Written by Jakub Rusinowski · Last updated June 15, 2026
Google's mobile-first multimodal model family. Uses the novel MatFormer nested architecture — a single model file contains multiple sub-models (E2B/E4B) that can run at different sizes. Processes text, images, audio, and video. Runs on phones without internet.
| Gemma 3n E2B | Min 2 GB VRAM · Q4_K_M · 32,768 ctx · ollama run gemma3n:e2b |
| Gemma 3n E4B | Min 3 GB VRAM · Q4_K_M · 32,768 ctx · ollama run gemma3n:e4b |
Install Ollama then run: ollama run gemma3n:e2b
Minimum VRAM: 2 GB. For best results use Q4_K_M quantization.
Gemma 3n needs about 2 GB VRAM at Q4_K_M quantization for its smallest variant. Variants: Gemma 3n E2B (2 GB, Q4_K_M); Gemma 3n E4B (3 GB, Q4_K_M). On Apple Silicon, unified memory counts toward this requirement.

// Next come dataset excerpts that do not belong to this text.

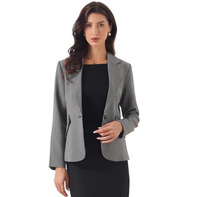 INSPIRE CHIC Women's Vintage Houndstooth Notched Lapel One Button Office Blazer
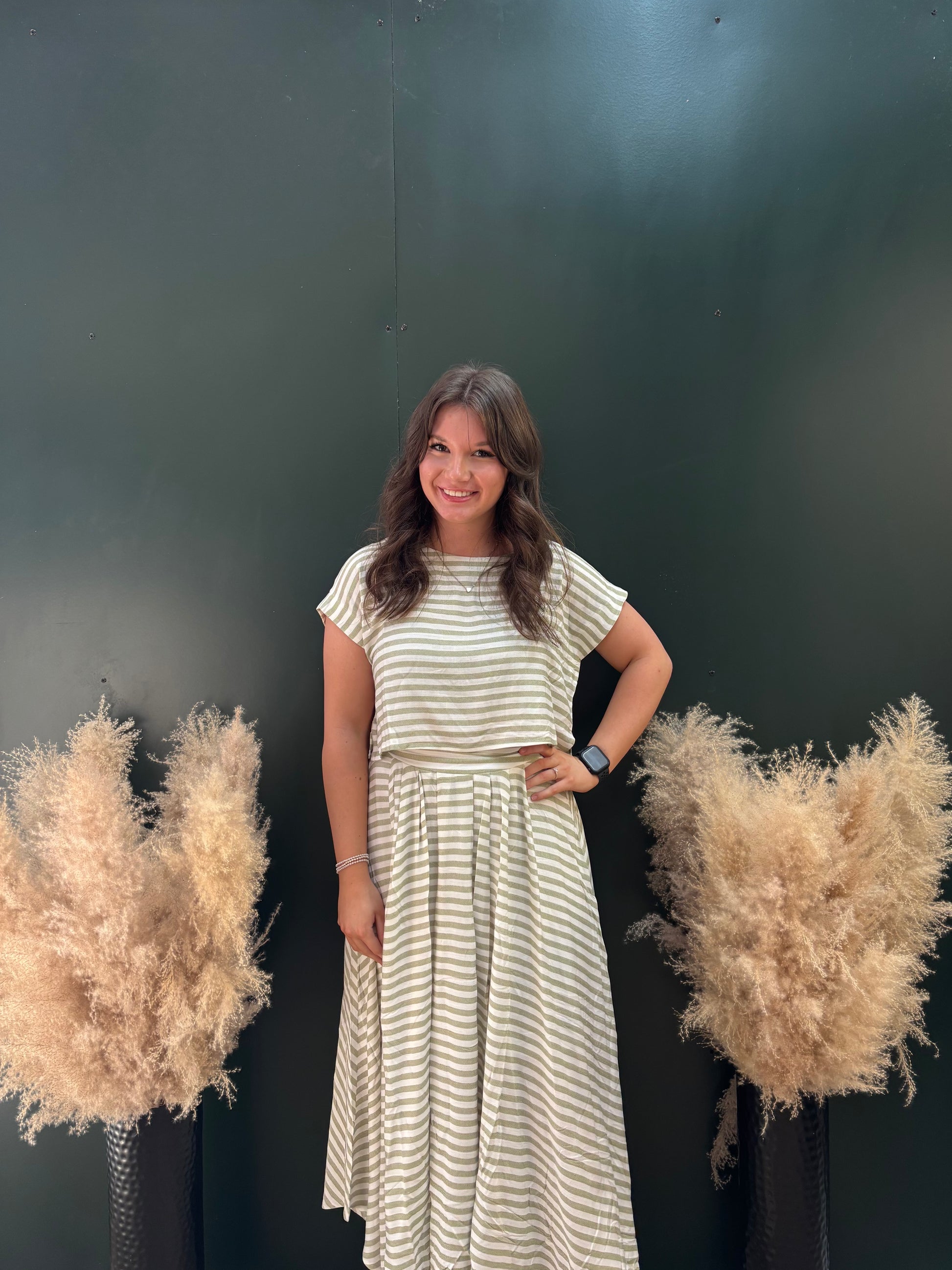 Fresh, free-spirited, and effortlessly chic — the Boho Grove Two-Piece is made for sun-soaked days and wanderlust moments. This matching set features a breezy, cropped top and flowy skirt in earthy green stripes that channel laid-back boho vibes. The lightweight fabric drapes beautifully, while the coordinated look offers endless styling options. Wear it together for an easy outfit or mix and match for versatile bohemian flair.
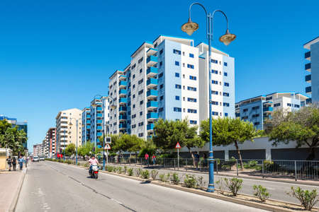 Gibraltar, UK - May 18, 2017: Modern high rise residential buildings in Gibraltar city, United Kingdom, Western Europe.
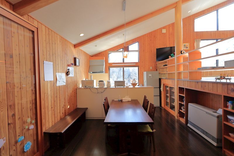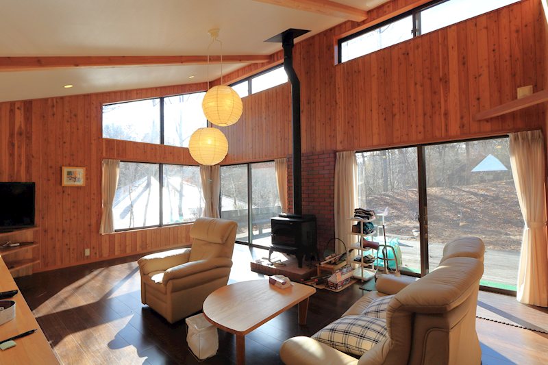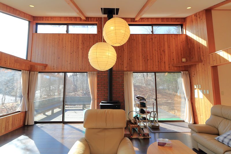 リビング中央に据えられた薪ストーブも、軽井沢には必需品と呼べる設備です。
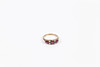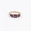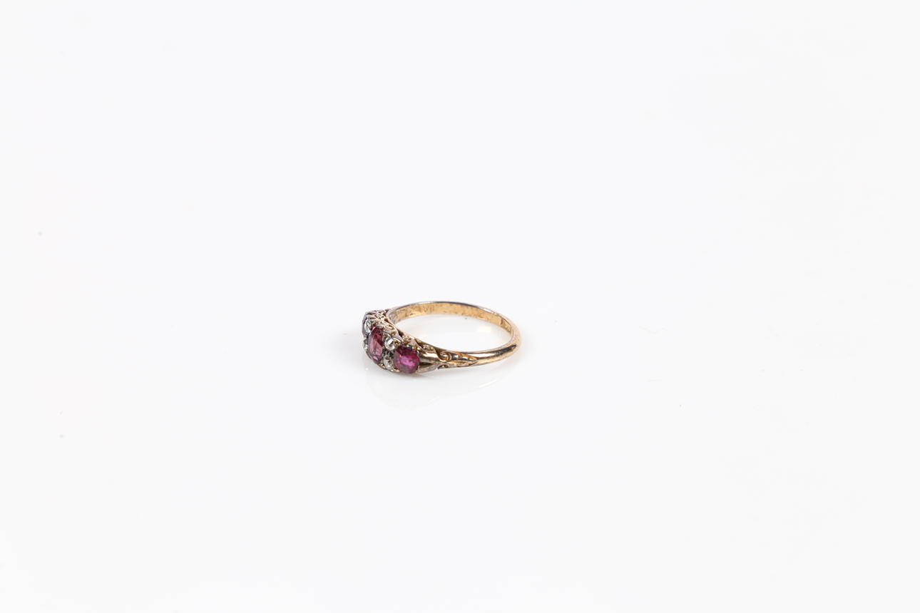Tre graderade ovala mixskuren syn. rubiner. Princip syn. rubin mäter 5,5 x 4mm. Avståndsdelar, fyra gammalslipade diamanter, TDW ca. 0,20 ct. Bläddra i galleriet. Gul metallmonterad, stämplad '18ct'. Fingerstorlek M. Vikt 2,8 g.
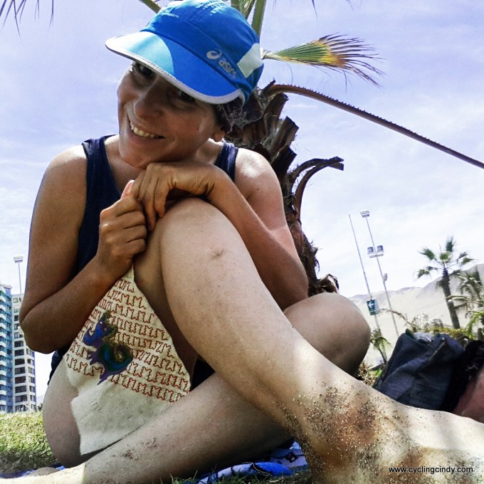 I once was inspired by a piece of indigenous art from a museum in Peru. On a clay pot were depicted mythical beasts and from a hostel in Lima I took an indigenous pattern to fill up the space around the fantasy animals. This piece of fabric gave me tremendous joy as I worked on it in the most lonesome, spacious and incredible beautiful camp spots. Mostly in the Atacama desert and prior in the Peruvian desert along the coast. This is a post about cycling through the Atacama desert.
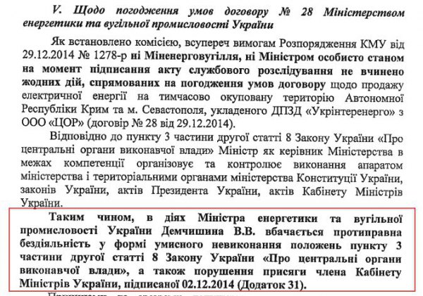 Рассмотрев его результаты на заседании Правительства, премьер рекомендовал Демчишину изучить вопрос об освобождении от занимаемой должности одного из подписантов скандальных документов, а именно ... заместителя директора «Укринтерэнерго» В. Андриенко. То есть на всю историю о предательских контрактах нашелся только один виновный, да и тот остался безнаказанным.
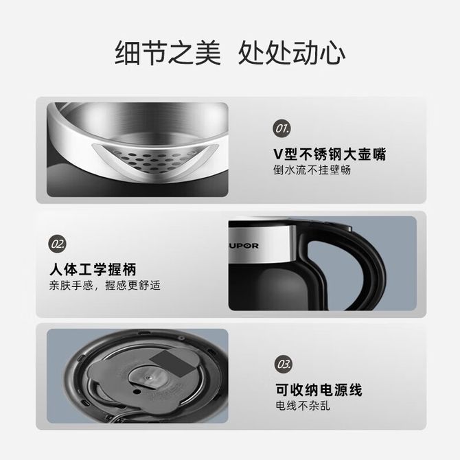 组合销售 产品介绍 产品规格 售后服务 产品咨询 发现好货 苏泊尔(SUPOR)电水壶 1.7L 不锈钢/YL SW-17S13A 5700 里程 志高/Chigo 电水壶烧水壶1.8L大容量电热水壶双层防烫自动断电家用烧水开水壶不锈钢 电水壶 DC-A18F 1900 里程 美的/Midea 电热水壶家用大容量烧水壶热水壶双层防烫电水壶304不锈钢内胆自动断电分离式拔盖 MK-SH15X1-102 3000 里程 小熊/Bear 电水壶家用烧水壶 不锈钢自动断电恒温热水壶保温一体电热水壶1.5L容量 3500 里程 小熊/Bear 烧水壶电水壶热水壶电热水壶开水壶304不锈钢内胆双层防烫1.5L大容量ZDH-Q15U8 3000 里程
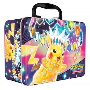 Deluxe Esta maleta de metal robusta está cheia de produtos de Pokémon prontos para alegrar o seu dia!
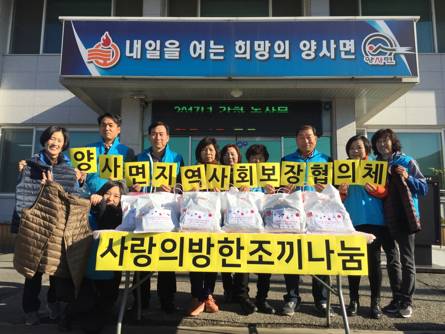 한태성 양사면장은 “아직도 많은 이웃들이 추위에 어려움을 겪고 있다”며 “복지사각지대를 계속 발굴하는 등 빈틈없는 겨울나기 준비로 어려운 이웃들이 따뜻한 겨울을 보낼 수 있도록 최선을 다하겠다”고 밝혔다.
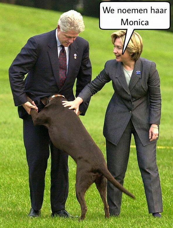 De geruchten over de seksuele voorkeuren van Hillary kennende, denk ik eerder dat Monica dienst gaat doen als kutlikkertje.
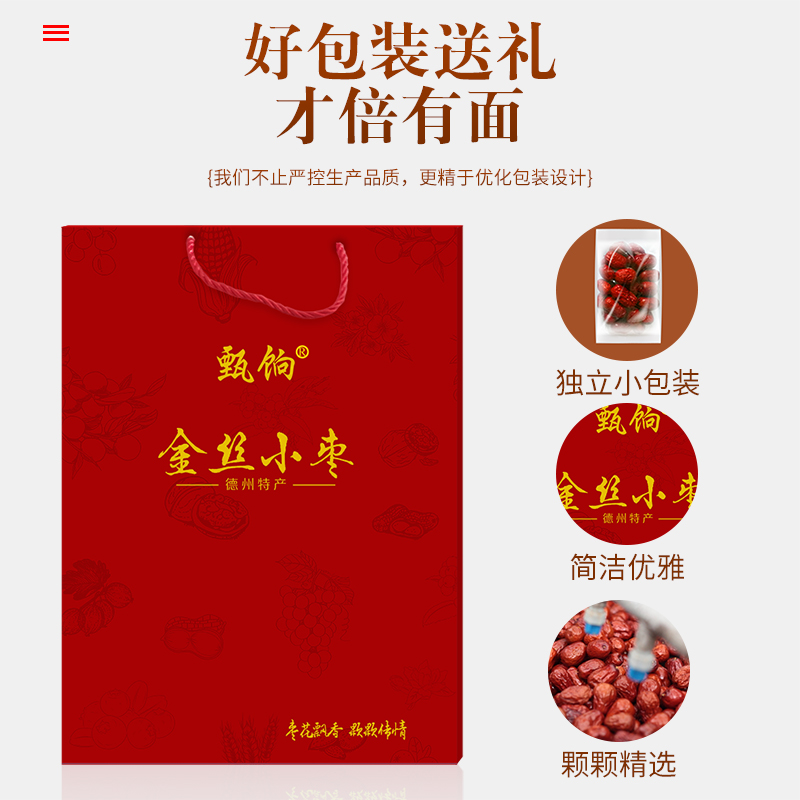 Shandong specialty Dezhou Leling golden silk jujube gift box Zhen Yi disposable first-class red dates can be packaged independently
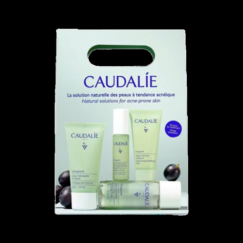 Caudalie Vinopure Starter Kit Cofanetto per Pelle a Tendenza Acneica - Gel detergente + Lozione purificante + Siero anti-imperfezioni + Fluido idratante mat
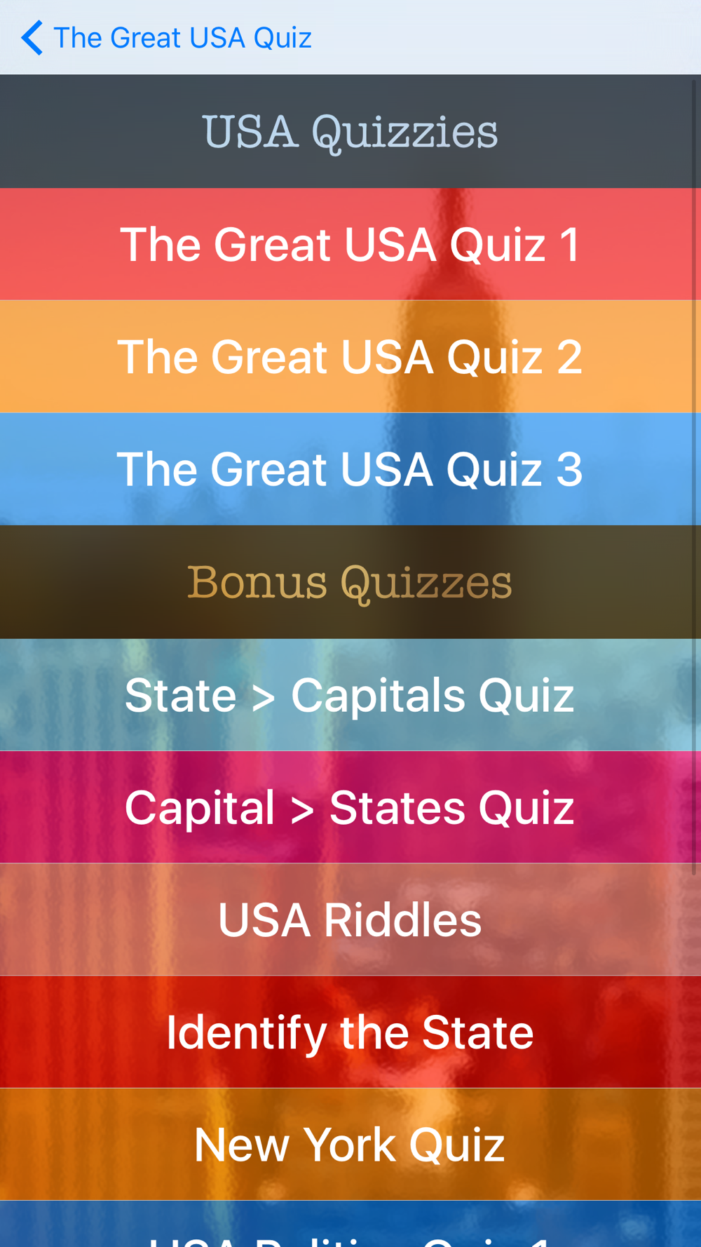 This USA quiz app will help to Increase your GK (General knowledge) of United states. United states Quiz can be also very help full to preparing for competitive exams and civil services exams like UPSC, IAS, CET, IPS AIEEE, SAT, MCAT, LSAT, GMAT, GRE, IELTS and the TOEFL.
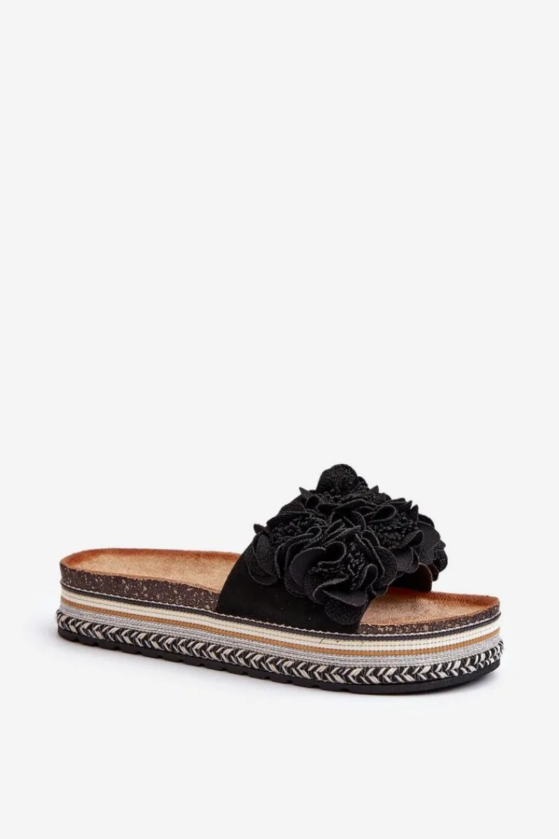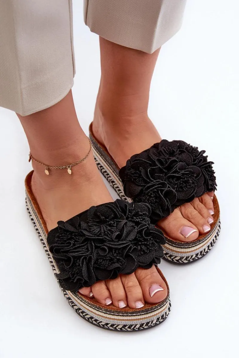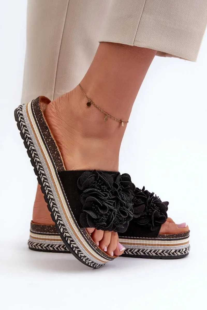 Damskie klapki na masywnej platformie to idealny wybór dla kobiet ceniących sobie modny wygląd i wygodę. Ten stylowy model przyciąga wzrok nie tylko swoją masywną platformą, ale również uroczymi kwiatkami, które zdobią przód obuwia. Idealne na letnie dni, te klapki są doskonałym dodatkiem do sukienek, spódnic, a także jeansów i szortów. Przy wyborze rozmiaru prosimy sugerować się tabelą rozmiarów.
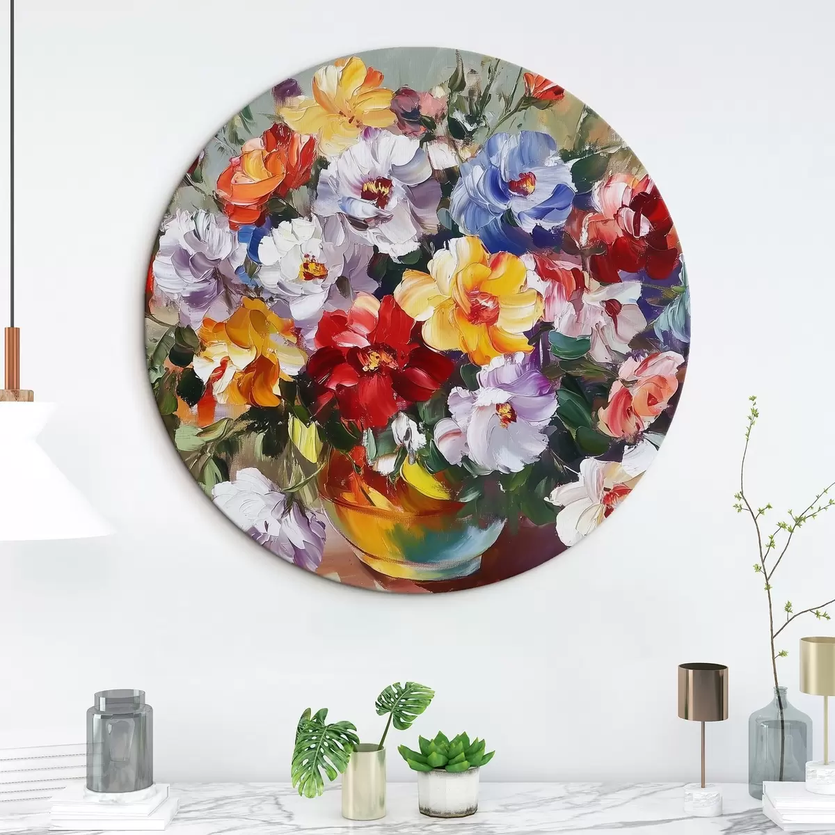 Ronde schilderijen Veelkleurige bloemen in een vaas in olieverfstijl Nr r43909

Yes — Gemma 3n runs on an RTX 4090 (24 GB) and other 24 GB cards such as the RTX 3090. Smaller variants also fit comfortably on 8–16 GB GPUs at Q4_K_M.
Q4_K_M is the best balance of quality and VRAM for Gemma 3n in most cases. Choose Q8_0 for near-lossless quality if you have spare VRAM, or smaller quants (Q3/Q2) only when memory is tight.
Install Ollama, then run: ollama run gemma3n:e2b. This downloads Gemma 3n and starts a local, OpenAI-compatible endpoint — no internet connection is needed after the initial download.